We looked at several litters, looked at the mothers (spaniels) and tried to pick pups with more curly hair and mothers that didn't shed a lot (can't tell a lot, but you can certainly tell the bad shredders!).


----------



## Breezy (Jun 28, 2017)

Forgot to mention that! She is an F1. Her father was a very curly toy poodle, but we didn't get to meet the mother...


----------



## LuckyCockapoo (May 29, 2017)

To be fair, from what I understand, the breeder can't really know for sure. Some sub 8 week old pups I looked at clearly shed (nothing like an adult dog can) and some didn't seem to, but I'm not sure how reliable that is. You can get curly haired spaniels that shed, so curliness isn't a non shedding given.


----------



## 2ndhandgal (Aug 29, 2011)

Breezy said:


> Forgot to mention that! She is an F1. Her father was a very curly toy poodle, but we didn't get to meet the mother...


I have to say not meeting the mother would have rang huge alarm bells for me about the "breeder" 

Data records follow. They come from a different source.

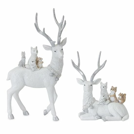 Create a cozy Christmas atmosphere when you decorate with this Melrose resin deer decor set.
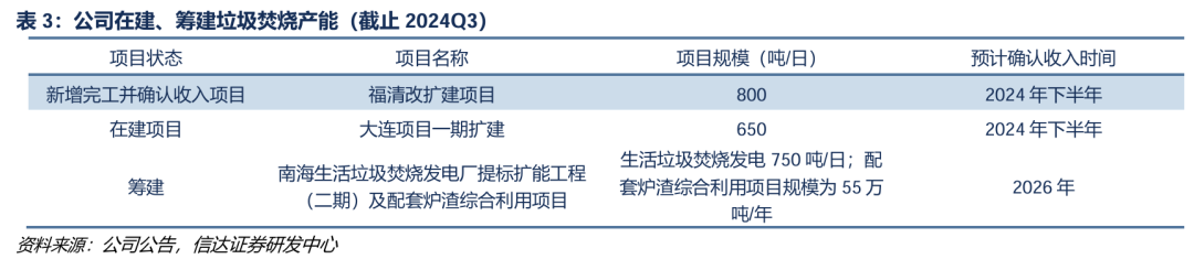 ??垃圾焚烧主业稳健运营,水务及能源业务贡献稳定现金流。截止2024Q3,公司垃圾焚烧发电在手项目规模3.58万吨/日,在运规模约3.1万吨/日。主要增长来自(1)降本增效,厂用电率下降及供热量提升保障盈利;(2)国内及海外项目投产短中期产能增加;(3)电费确认预计为24年增厚收入1.54亿元,以后每年增收3700万元。水务及能源业务现金流回款佳,或将受益于公用事业市场化改革推进。佛山市供水价格9年未调,存在上浮空间;燃气业务用户主要为工商业用户,调价相对顺畅,板块盈利已逐步趋稳。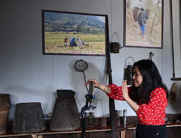 回乡创业青年龚赛军正在她自己创建的农耕文化器物展览馆直播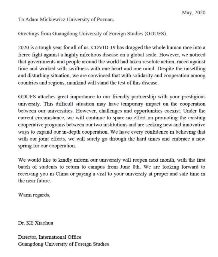 目前,中国疫情已得到有效控制,人民生活回归正轨,而部分欧洲国家疫情也逐步趋于缓和。在此之际,广外国际合作与交流处处长柯晓华女士与波兰合作高校波兹南亚当·密茨凯维奇大学波兰文学和古典文学学院院长托马什•米泽尔凯维奇(Tomasz Mizerkiewicz)教授互致信函,就两校疫情抗击情况交换意见,展望疫情后双方的深度合作。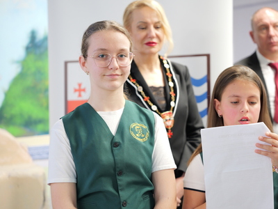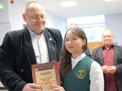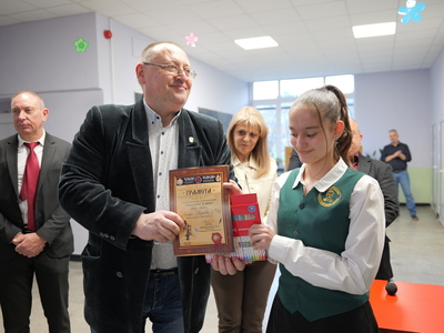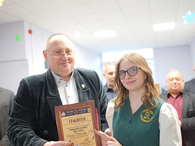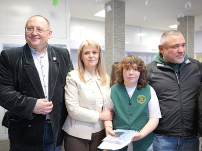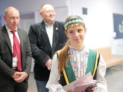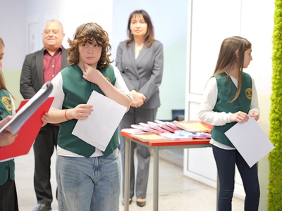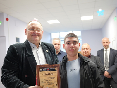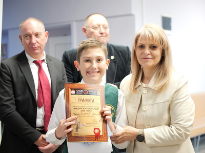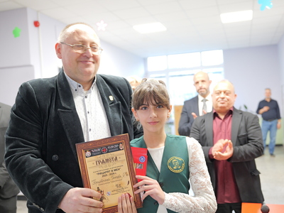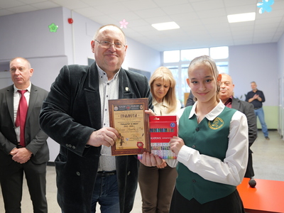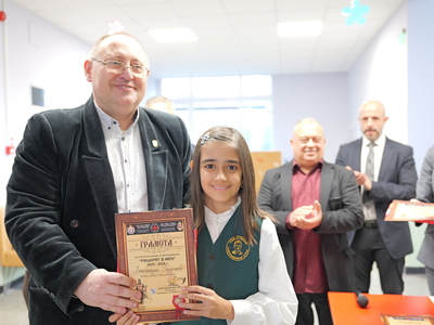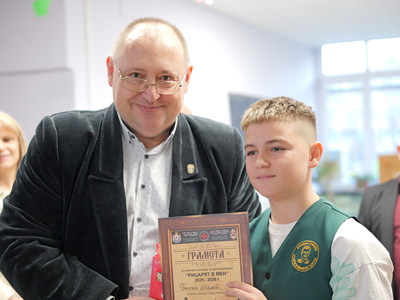 Председателят на Общинския съвет Михаил Хаджиянев и директорът на Дирекция "Образование и младежки политики" в Община Бургас Катя Мишева наградиха най-талантливите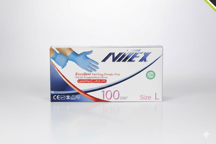 دستکش نیتریل نیتکس اولین دستکش معاینه بدون پودر تولید شده در ایران و خاورمیانه می باشد که به خاطر نداشتن پودر، هیچ گونه حساسیت پوستی ایجاد نمی کند و از لاستیک طبیعی تولید شده است این محصول کاملاً بهداشتی می باشد که از انتقال آلودگی در موارد مختلف همچون معاینه پزشکی، کار با مواد صنعتی و آزمایشگاهی جلوگیری می کند. طراحی ویژه ای که برای این دستکش در نظر گرفته شده است پوشش آن را راحت تر کرده است و کاربر به هنگام پوشیدن آن می تواند چالاکی خود را حین کار حفظ نماید همچنین از مقاومت بالایی در برابر مواد شیمیایی و خورنده همچون مواد نفتی و صنعتی برخوردار می باشد به همین دلیل طول عمر بالایی دارد.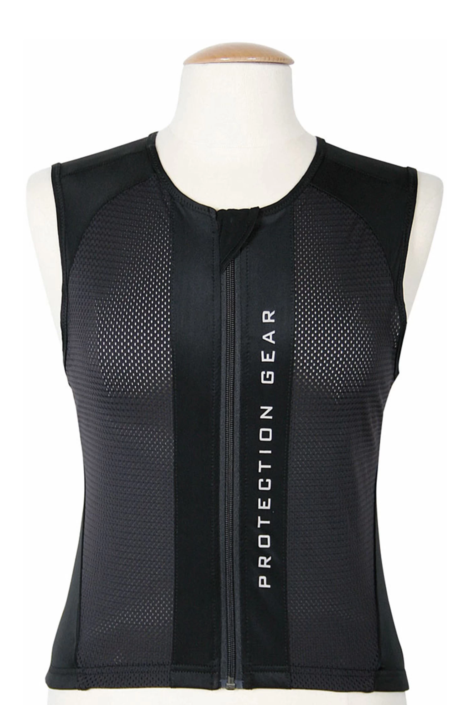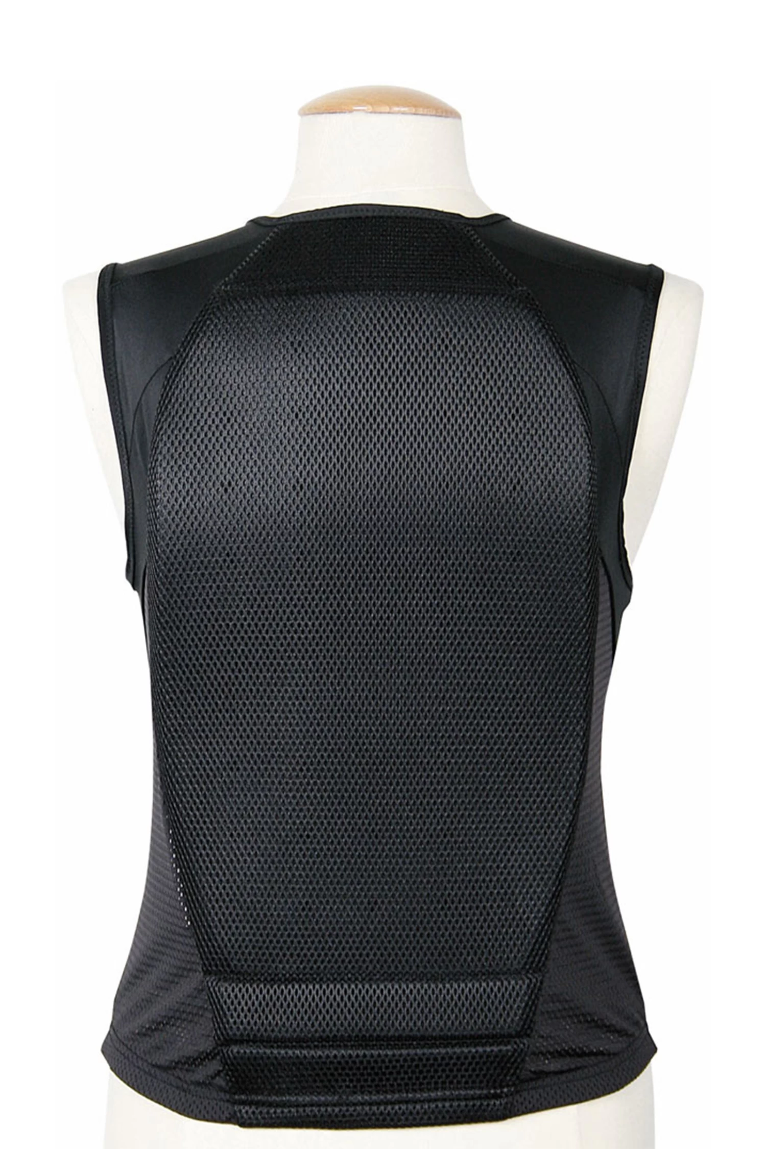 Clothing. Because the back protector is fitted in a vest this model also lends itself to be. Example, worn over a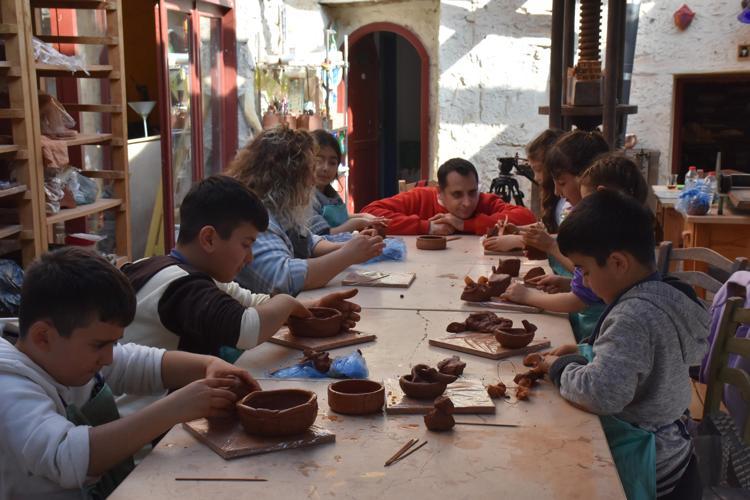 Kahramanmaraş merkezli depremin ardından aileleriyle birlikte İzmir'e yerleşen depremzede çocuklara gönüllü öğretmenler tarafından Çeşme Halk Eğitim Merkezi'nde sanat, spor, yabancı dil eğitimleri verilmeye başlandı. İlk etkinliklerinde seramik öğretmenlerinden eğitim alarak hayallerini çamura yansıtan çocukların büyük çoğunluğunun ev yapmak istemesi, öğretmenleri duygulandırdı. Hatay'dan gelen çocuklardan Duru Görüroğlu (7), “Bugün çamurdan bir ev yaptım. Evin bahçesine de depremden yıkılan betonları yerleştirdim" dedi.
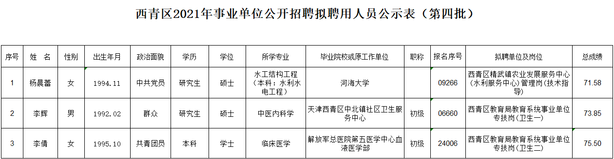 西青区2021年事业单位公开招聘工作人员,经报名、笔试、面试、体检、考察等环节,第一批、第二批、第三批已公示,第四批共计3人符合条件,按照《西青区2021年事业单位公开招聘工作人员公告》,现将第四批拟聘用人员予以公示。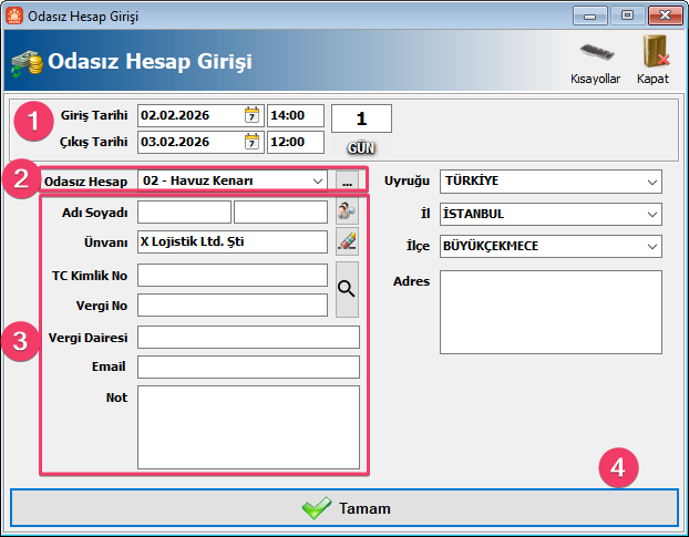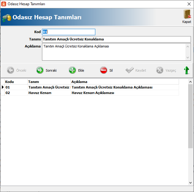 Odasız Hesap yapısı eklenerek, oda tanımından bağımsız bir şekilde rezervasyon ve folio oluşturup oda haricinde gelir ve gider takibi yapılmasını sağlanmıştır. Öncelikle Yetkili-Oda Tanımları-Odasız Hesap Tanımları ekranından tanımları eklemeniz gerekmektedir.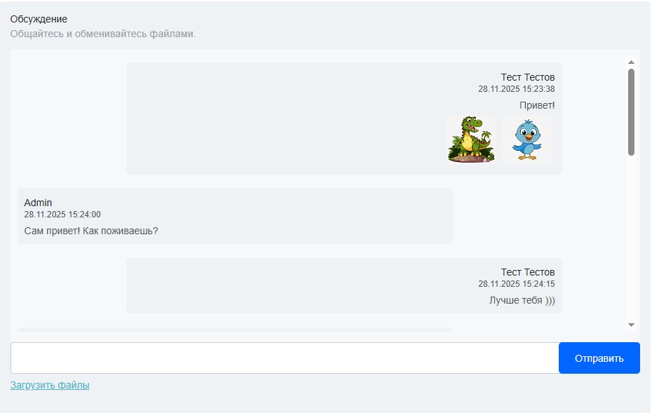 Варинат шаблона компонента, который визуально имитирует чат. Но в действительности чатом не является, т.е. чтобы увидеть новые сообщения в ленте, необходимо перезагрузить окно браузера.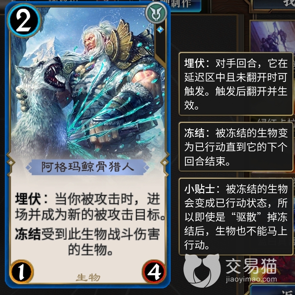 3费“碎星锤”和3费“寒冰吐息”过牌、冰冻。“阿格玛鲸骨猎人”3费,具备“埋伏”效果,保护己方血量,同时有冻结效果,能抵消掉帷幕效果,保障己方的控制权。“冰沼水灵”冻结控场,可与“骤霜”打配合。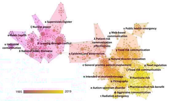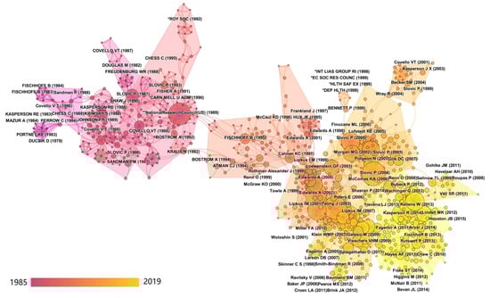 CiteSpace [] is applied in this section to perform a co-citation analysis of the risk communication dataset of Section 2.1 in order to determine research clusters based on co-citation information. Co-occurrence of certain references in a set of articles within a research domain is a commonly used technique in scientometric research to identify clusters []. Highly cited references within these clusters can be understood as the intellectual basis of the subdomains and represent key knowledge carriers for the development of the research domain. Articles citing the largest number of references from a cluster are known as ‘research fronts’. These can be seen as spearheading contributions leading the development of the research domain, and together they provide insight in the overall evolution of the research domain in terms of focus topics [,].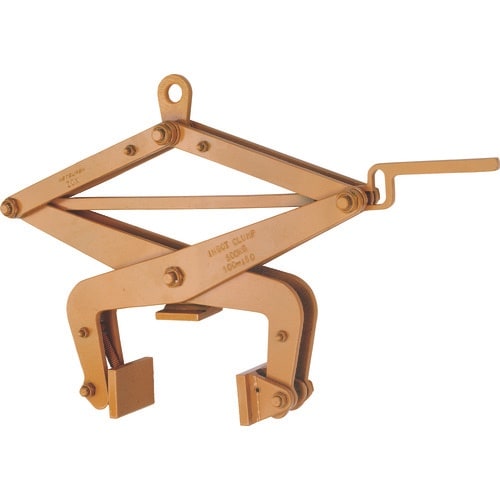 コンクリートや石材の角柱物材を1ー2台で吊上げるクランプです。取付け、取外し時に操作が楽にできるよう開放ロック機構を備えています。 |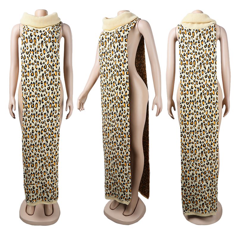 HAOYUAN Sexy Knitted Side Split Sweater Dress Sleeveless Spring Clothes for Women Y2k Outfits Birthday Party Long Maxi Dresses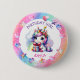 Cute personalized little girl's birthday party paper button with an adorable cartoon rainbow unicorn with a birthday hat on holding a gift with a rainbow in the background.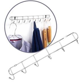 Cabide de Parede Inox 6 Ganchos 35cm - Cabideiro Organizador Maximize o espaço em sua casa com o elegante e funcional Cabideiro de Parede em INOX Cromado. Com seis ganchos robustos, este suporte é ideal para organizar roupas, toalhas, panos, vassouras, rodos, chaves e muito mais. Seu design compacto e resistente o torna perfeito para uso em áreas de espaço limitado como quartos, banheiros e halls de entrada.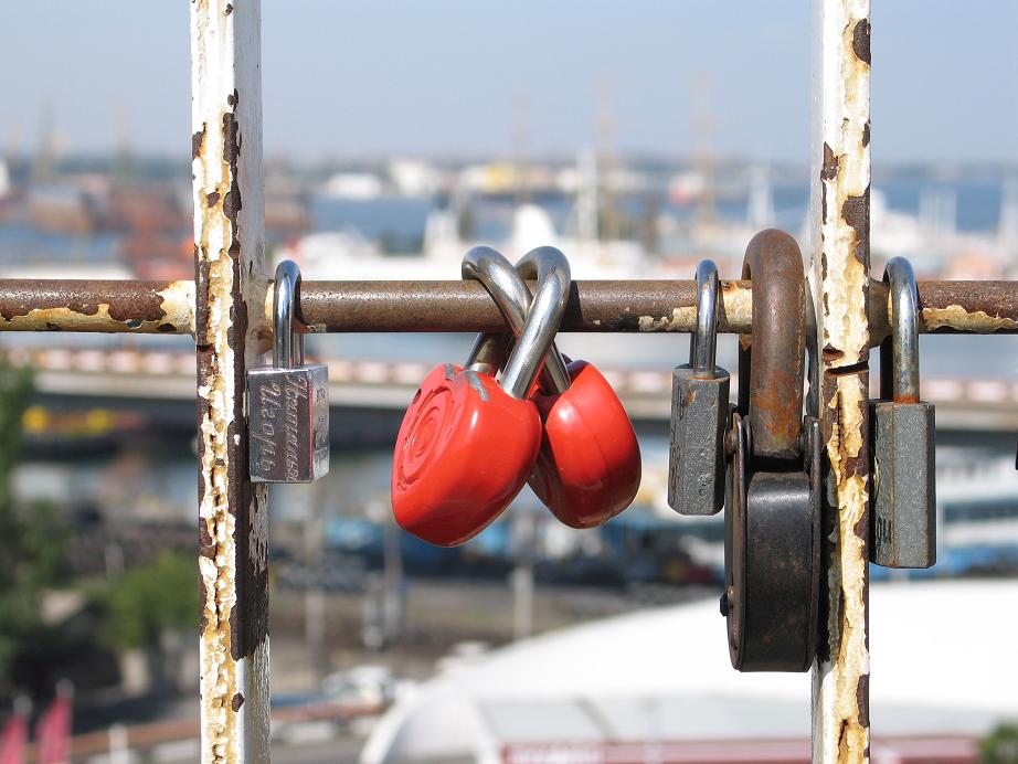 В Одессе, так же как и в Ярославле есть традиция вешать замочки на мост (эти висят на тещенном мосту):

Some pups do shed a bit and then develop a curlier coat as they get older and some stay with a straighter coat - but all are lovely and your pup does look very gorgeous


----------



## Lexi&Beemer (May 5, 2013)

Lexi and Beemer were nonstop hair balls as little puppies. It improved a lot when they got their adult coat in. It also meant more matting. I find if I keep them short, there's a lot less shedding. The longer the coat, the worse it gets. I know some who are flat coated that don't shed. My two aren't super curly but definitely more poodle than some.
Here they are at their harriest as puppies. Not only were they shedding, having daily and sometimes multiple daily brushing because in addition to the mats, they were low enough to the ground that they'd sweep every twig and bit of landscaping on their undersides.








Once they got their shots, they went to grooming and life was much better










Sent from my iPad using Tapatalk


----------



## mytoyspoo (Mar 30, 2017)

I would say not to worry . My pup was shedding initially when we bought him home at 10weeks . It was there for a few weeks . Not sure when did it stop but eventually it did . No more shedding now .my boy is a Cocker dad and toy poodle mom F1 too. Look for couple of weeks . I'm sure it will stop unnoticed .


----------